→ WORK INSTRUCTIONS: Only one span is wanted from the lines below: from the one with "倉安川の生き物調査の様子" up to and including the one with "2-3 verschiedene Pinsel". Copy it exactly, without images.

→ ENTRIES SUPPLIED:
BEGIN
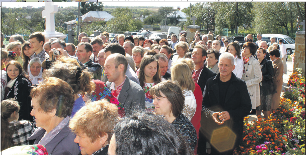
Під час освячення води на подвір'ї церкви Різдва Пресвятої Богородиці.
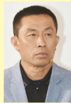
ศักดิ์สยาม ชิดชอบ รมว.คมนาคม
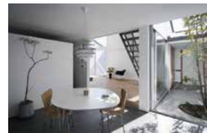
ASJ 宇多津スタジオ施工物件「丸亀の家」 設計:向阪一郎

これまで香川県内で施工した建築家住宅を、最新のお引渡し事例まで多数パネルで展示します。住まう方の意見を取り入れ、周りの景観まで考慮した家づくりは建築家ならではの。ぜひ参考にご覧ください。
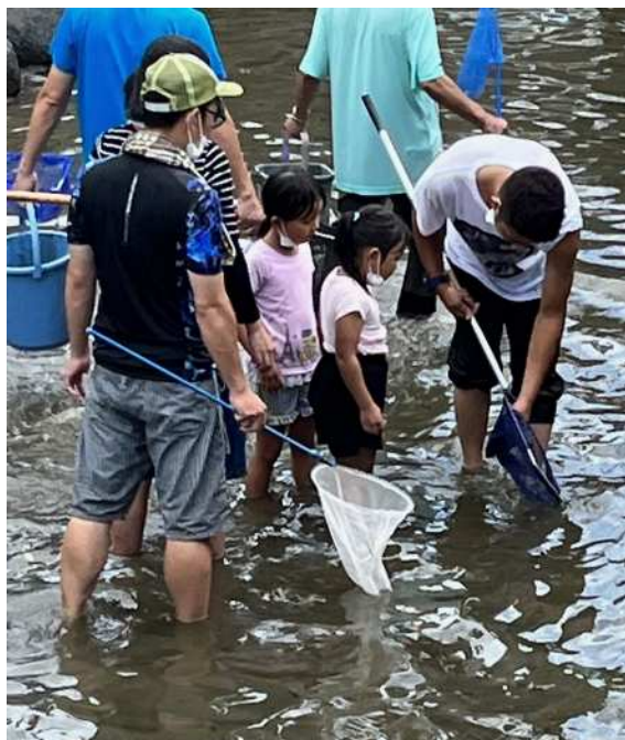
倉安川の生き物調査の様子
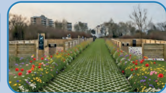
Exemple d'aménagement possible pour un espace canin sécurisé au Parc du Bocage Citadin
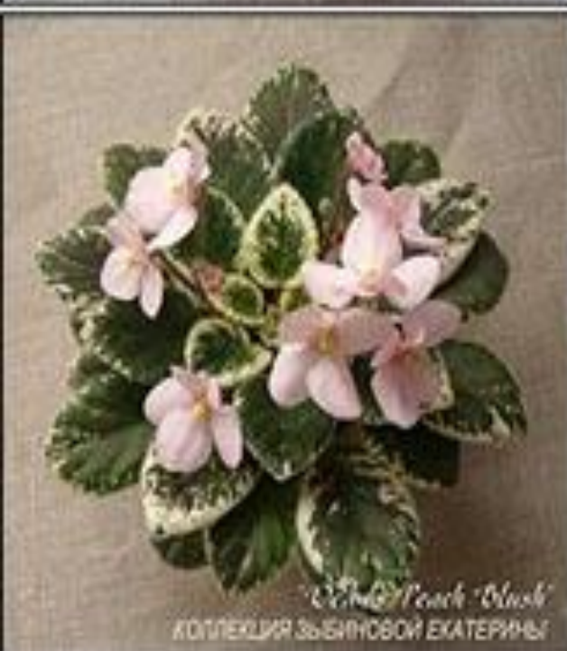
"Candy Peach Blush" КОЛЛЕКЦИЯ ЗЫБИНОВОЙ ЕКАТЕРИНЫ
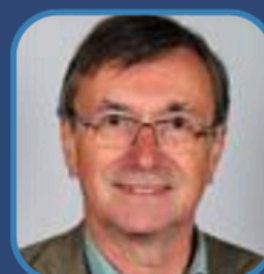
Y Cyngorydd David Selby Aelod Cabinet ar gyfer Bowys Fwy Llewyrchus Cyngor Sir Powys
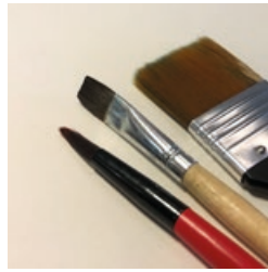
2-3 verschiedene Pinsel
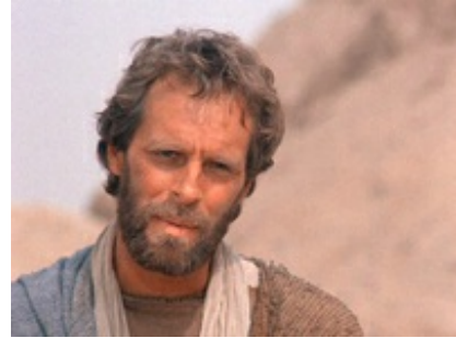
Abb. 13 Still aus: Und sie erkannten ihn nicht (Fernsehtitel; Alternativer (DVD)Titel: Die Untersuchung. Italien 1986.
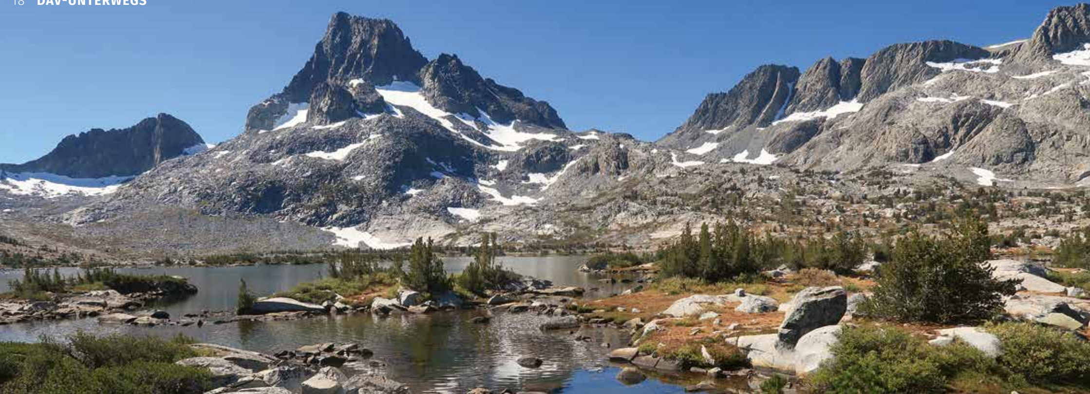
Postkartenidylle am Thousand Island Lake (Ansel Adams Wilderness)
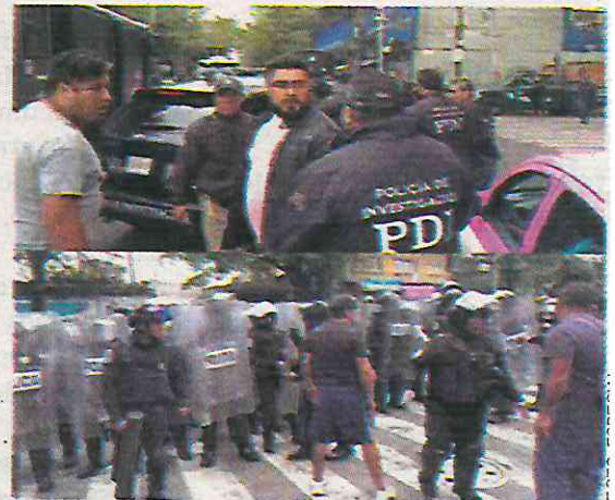
Se armó la rebambaramba

Cabe resaltar que, durante el zafarrancho al menos tres personas fueron detenidas y dos mujeres fueron aseguradas por agredir a los policías, mientras un fiscal tuvo que ser retirado de la zona en un vehículo de la SSC, tras ser atacado con piedras y palos.
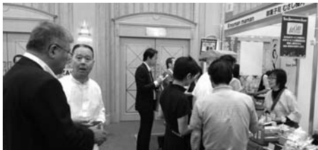
多くの商談が繰り広げられた「多摩の物産&輸入品商談会12」

三鷹商工会、小金井市商工会、武蔵野商工会議所が 「第2回武蔵野エリア産業フェスタ」 11月8、9の両日に
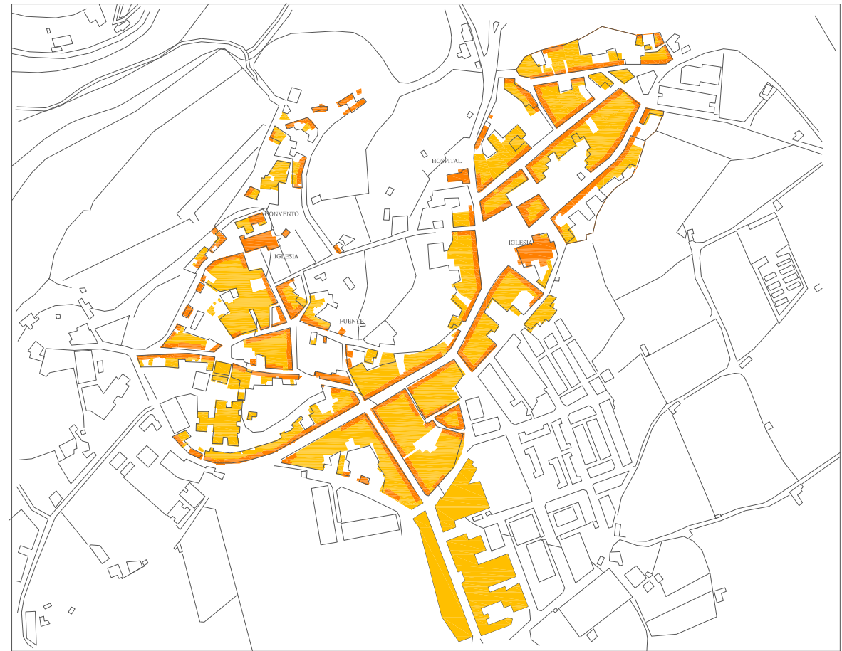
SAN JUAN Y SAN FRANCISCO EN 1960
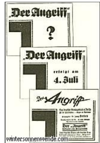
Wirksame Säulenreklame zum Erscheinen des "Angriff"

Damit war nun für die Öffentlichkeit das ruchlose Geheimnis, das sich hinter diesen mysteriösen Andeutungen verbarg, aufgedeckt. Es war offenbar, daß mit dem Angriff ein kommunistischer Putsch gemeint war. Dieser Putsch sollte am 4. Juli in Berlin beginnen, und, wie die Ankündigung der Roten Hilfe bewies, sorgte die kommunistische Partei bereits für sachgemäße Pflege und Betreuung der zu erwartenden Schwerverwundeten.
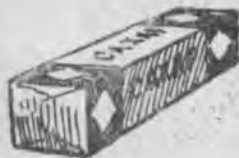
Татлы акъ шекер.
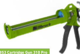
AA853 Cartridge Gun 310 Pro
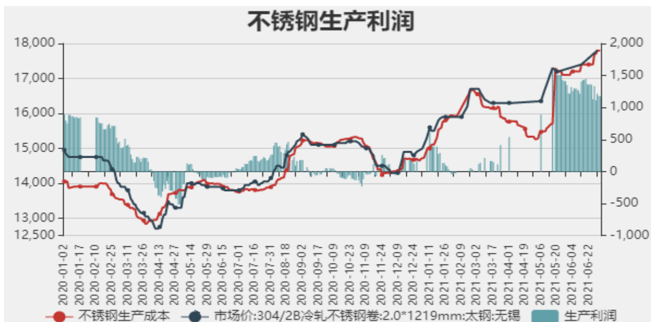
图9：不锈钢生产利润
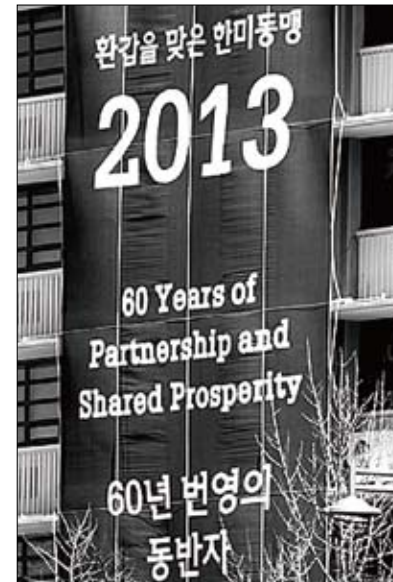
▲ 주한미국대사관 외벽에 ‘환갑을 맞은 한미동맹 2013, 60년 번영의 동반자’라는 문구의 플래카드가 걸려 있다.
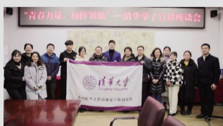
青春力量 榜样领航
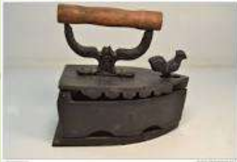
Un vieux fer à repasser
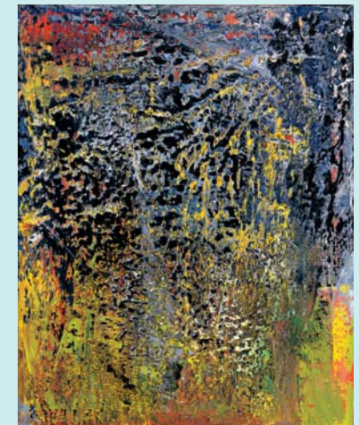
Gerhard Richter Abstraktes Bild , 1988 Öl/Leinwand, 200,3 x 160,8 cm © Gerhard Richter

Die Kunsthalle der Hypo-Kulturstiftung stellt mit über 100 Gemälden, Papierarbeiten und Skulpturen erstmals diese von persönlicher Leidenschaft geprägte Sammlung aus dem hohen Norden Deutschlands in München vor.
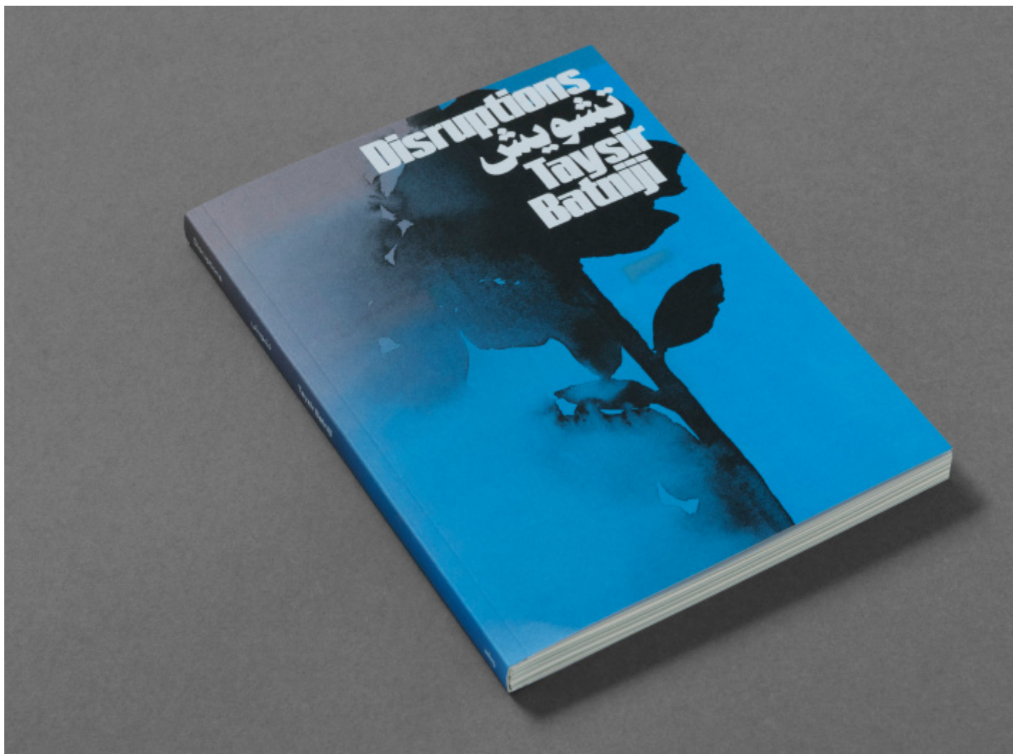
Disruptions, © Taysir Batniji 2024 courtesy Loose Joints.
END
→ ANSWER BOX:
倉安川の生き物調査の様子
Exemple d'aménagement possible pour un espace canin sécurisé au Parc du Bocage Citadin
"Candy Peach Blush" КОЛЛЕКЦИЯ ЗЫБИНОВОЙ ЕКАТЕРИНЫ
Y Cyngorydd David Selby Aelod Cabinet ar gyfer Bowys Fwy Llewyrchus Cyngor Sir Powys
2-3 verschiedene Pinsel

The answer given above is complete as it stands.